→ **What you are asked to do**:
Restate word for word the lines below that run from the one holding "Womens Black XS Cable Knit Roll Neck Jumper" through the one holding "Kumluca’da Çocuk Oyun", inclusive. Pictures don't belong in the copy.

[Extracted data entries]
::::

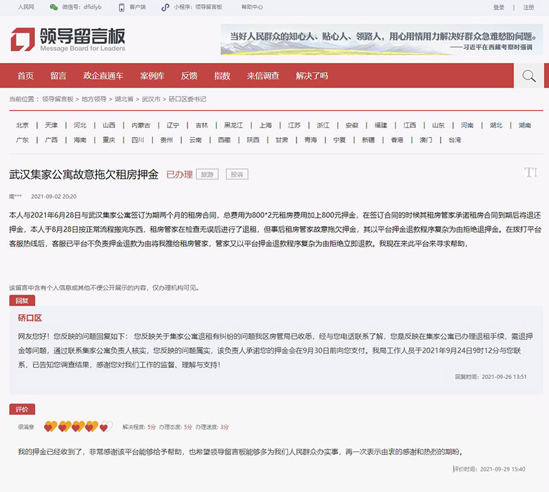 9月29日,網(wǎng)友南***評(píng)價(jià):押金已收到,感謝人民網(wǎng)“領(lǐng)導(dǎo)留言板”給予幫助。
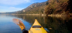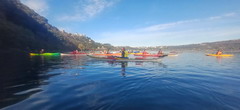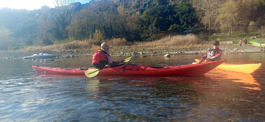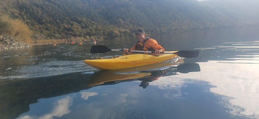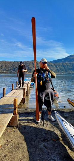 In acqua, mentre i kayak scivolavano silenziosi, Paola, da ospite perfetta del luogo, ha accompagnato il gruppo con un racconto affascinante sulla storia e le caratteristiche naturalistiche del lago: origine vulcanica, acque profonde e scure, ecosistemi delicati e quel senso di rispetto che solo certi luoghi sanno imporre senza alzare la voce. Una lezione galleggiante, con pagaia incorporata. Notiamo però che il livello dell'acqua si è notevolmente abbassato negli ultimi anni.
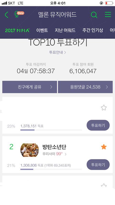 ✔️멜롱 탑텐: 1위와 69,345표 차이 (-655표)
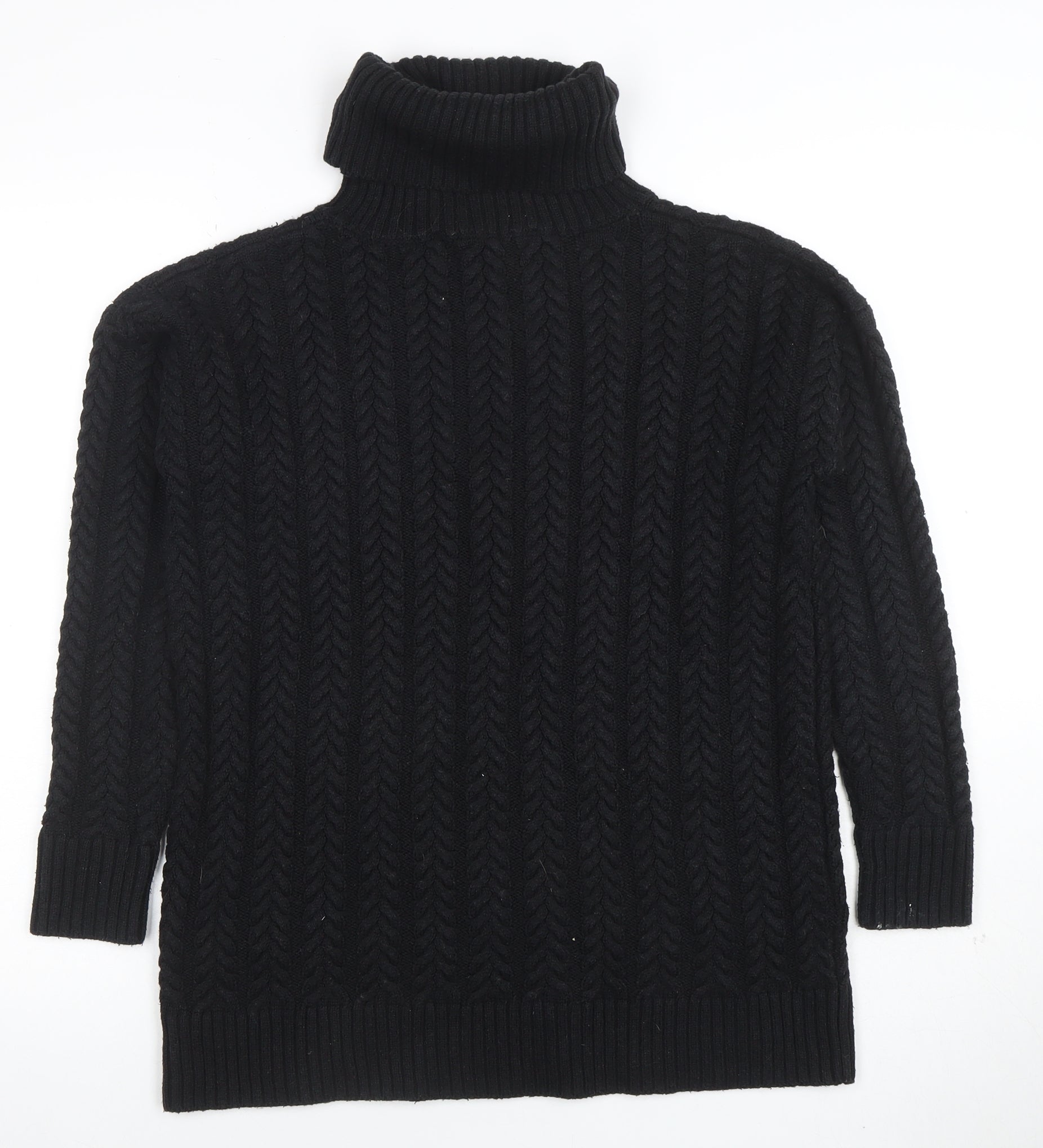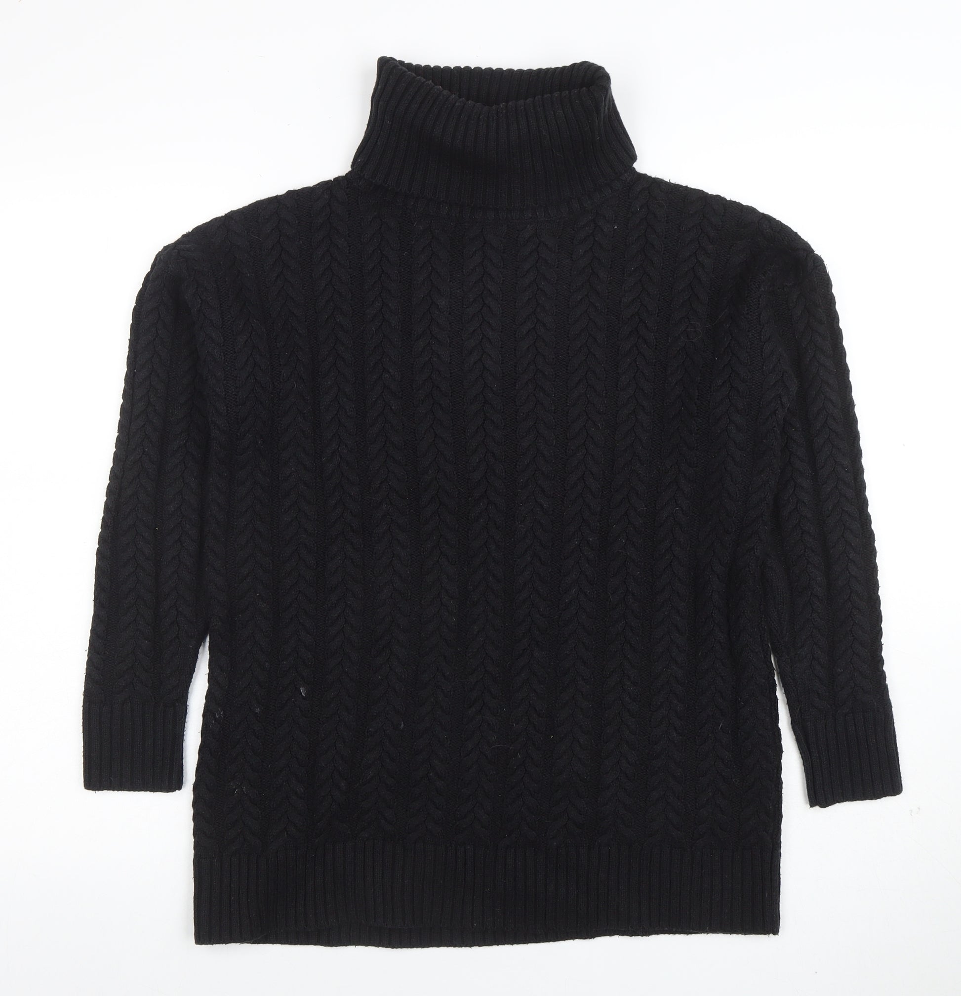 Womens Black XS Cable Knit Roll Neck Jumper
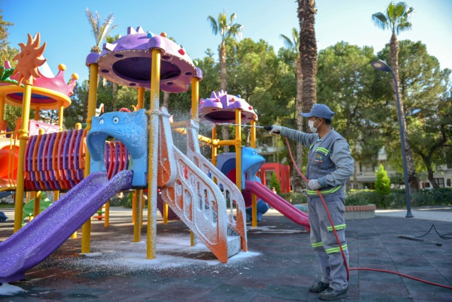 Kumluca’da Çocuk Oyun Grupları Dezenfekte Ediliyor
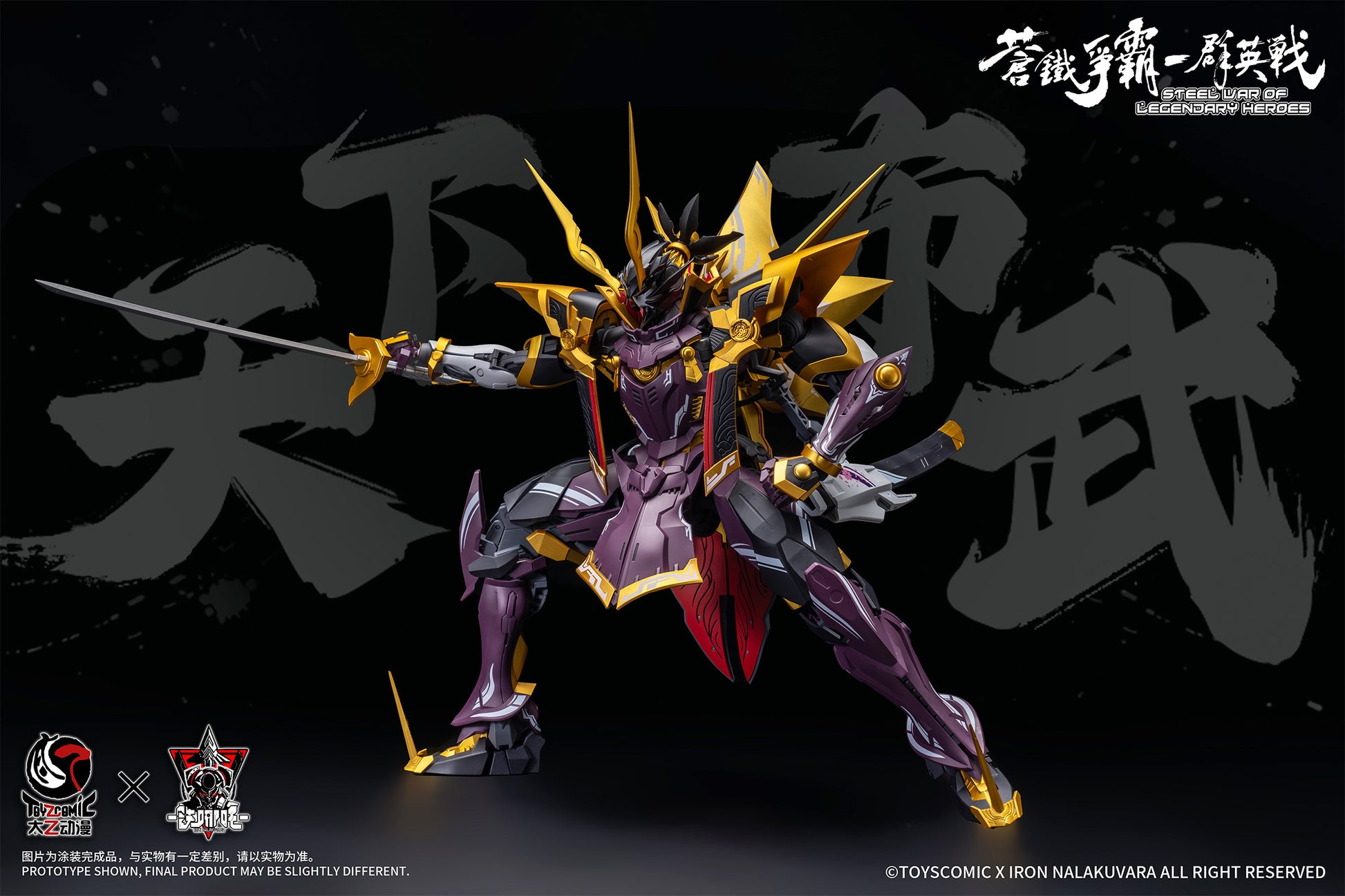 ToysComic collaborates with Iron Nalakuvara to bring us the 1/100-scale model kit of Oda Nobunaga from "Blue Iron War - Battle of the Sixth Heavenly Demon King"! Created by mechanical designer Junichi Akutsu, this kit features a sinister yet majestic design befitting its nickname. The black and purple colors with sharp golden decorations creates a demonic presence; it can be transformed into three different forms! The wide range of parts allows for a variety of display possibilities -- don't miss out on this masterpiece, and place your order today!

::::

→ **Exercise output**:
 Womens Black XS Cable Knit Roll Neck Jumper
 Kumluca’da Çocuk Oyun Grupları Dezenfekte Ediliyor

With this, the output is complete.